Агроном Пал Палыч жил в своем доме на селе, далеко от парка, пения там было почти не слышно. Он с радостью принял приглашение прийти послушать концерт. Все вместе мы сумерничали на скамейке в цветнике.
– Ах, шельма, что же он вытворяет! – то и дело восклицал Пал Палыч. – Каким «раскатом» рассыпался! А это вот «кукушкин перелет»… «Клыканье» – слышите?.. А какую «лешеву дудку» выдал!.. «Гусачок»… Опять заклыкал… А теперь – «пульканье»…
Пал Палыч называл различные коленца соловьиной песни, а они все следовали одно за другим, то повторяясь, то звуча впервые, и казалось, что не будет им конца, не хватит названий у бывшего охотника соловьиного пения, агронома Пал Палыча…
– Что ж, вас можно только поздравить: такого певца заимели по соседству! – стал прощаться Пал Палыч. – Вы разрешите, я еще как-нибудь к вам загляну? Уж больно хорош ваш сосед. Карузо! Они ведь все разные, молодые у стариков учатся…
Мне захотелось поближе поглядеть на певца. Я осторожно стал подходить на его голос, подкрался и увидел наконец небольшую буроватосерую птичку.
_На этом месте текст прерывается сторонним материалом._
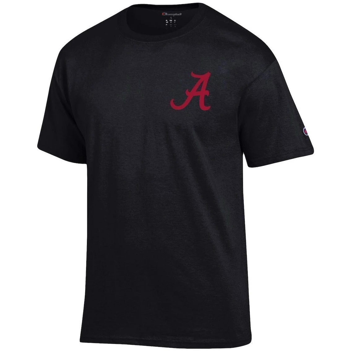 - Show off your Alabama Crimson Tide fandom with this Team Stack 2-Hit T-shirt by Champion. It features bold details of a team logo on the upper left chest with a logo and lettering on the back. This soft tee ensures a comfy fit as you rep your Alabama Crimson Tide.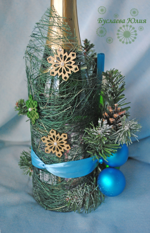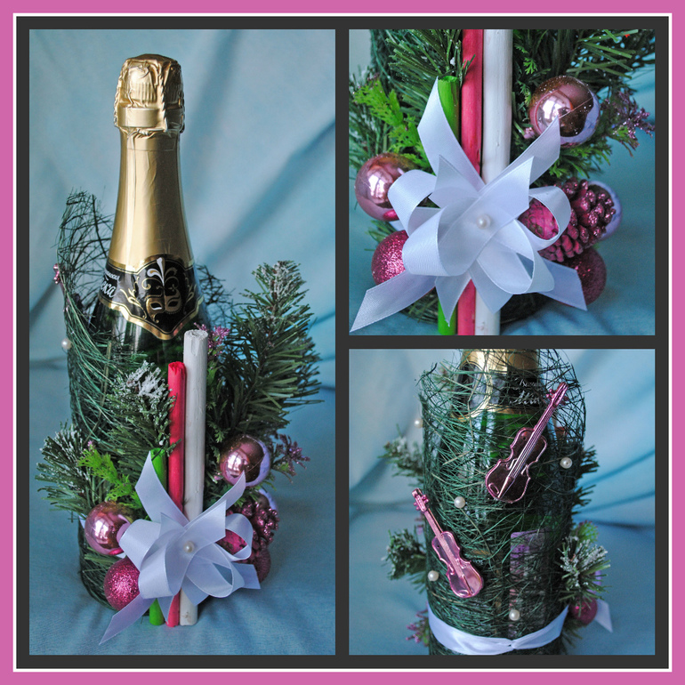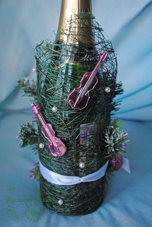 Сегодня покажу свои вариации на тему декора бутылок (без конфет). Надеюсь, модераторы меня не побьют, но в других категориях почти никого не знаю. Оправданием считаю моё желание выложить фото украшенной коробки конфет, но выяснилось, что плоские и большие предметы фотографировать не умею. Получается ужасно скучно и не объемно. Придётся учиться искать интересные ракурсы для фото плоских коробок с конфетами.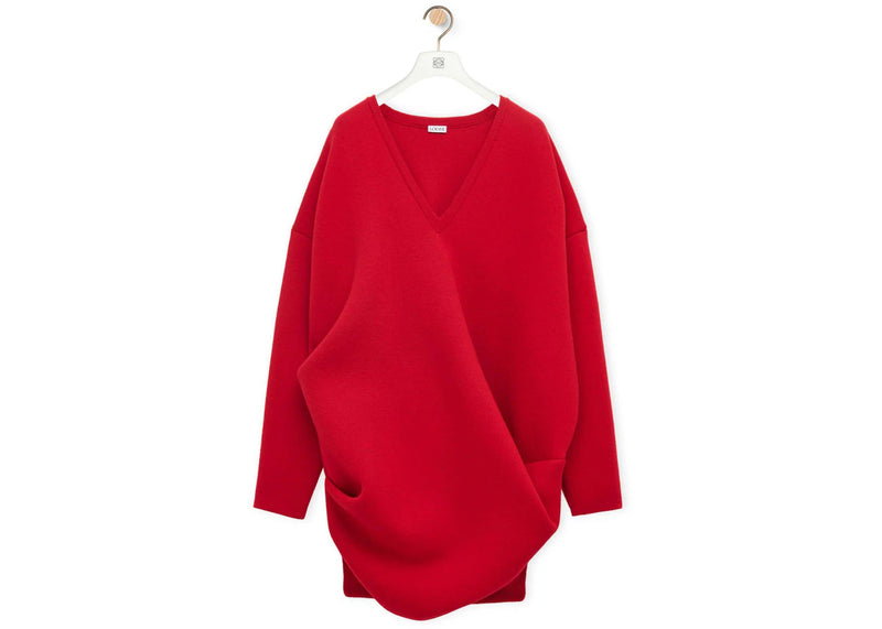 The LOEWE Draped Dress in Wool Blend Red is now available at Side Kicks!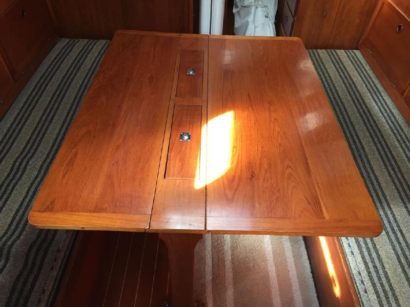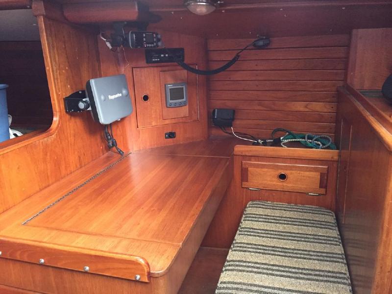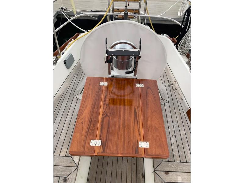 The boat was repowered, and a teak cockpit installed by the second owner complete with Harken electric winches and Raymarine electronics as well as roller furling, windlass, and anchor bow roller.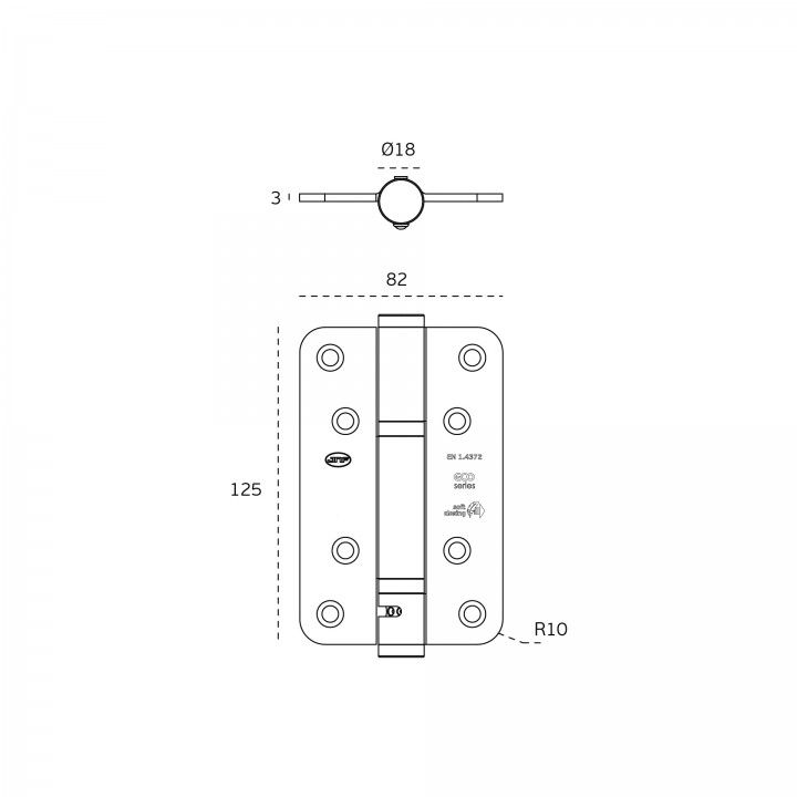 ‘-BISAGRA CON PLACA DE CANTO REDONDO. CARACTERISTICAS:

Так вот он какой, соловей! Он сидел на ветке сирени и продолжал петь. Его тонкий клювик был широко раскрыт, раздувшееся горлышко клокотало от звонких щелчков. Казалось, на меня он не обращал никакого внимания. Я сделал к нему еще один шаг – и выпугнул вдруг другую птичку. Точно такую же, как та, что пела на ветке. Певец тут же смолк. В том месте, откуда вылетела соловьиха, я увидел гнездо. Маленькое, свитое из травинок, волос и шерсти. Я не заметил бы его, если бы не вспорхнувшая птичка. Оно располагалось в кустике над самой землей, мне сверху видны были лежавшие в нем четыре зеленовато-глинистых яичка. Я уже знал, что притрагиваться к ним ни в коем случае нельзя, иначе соловьиха может отказаться от них, бросит высиживать. А вдруг она не вернется, напуганная моим внезапным появлением? Но что теперь можно было сделать? Оставалось только поскорее уйти…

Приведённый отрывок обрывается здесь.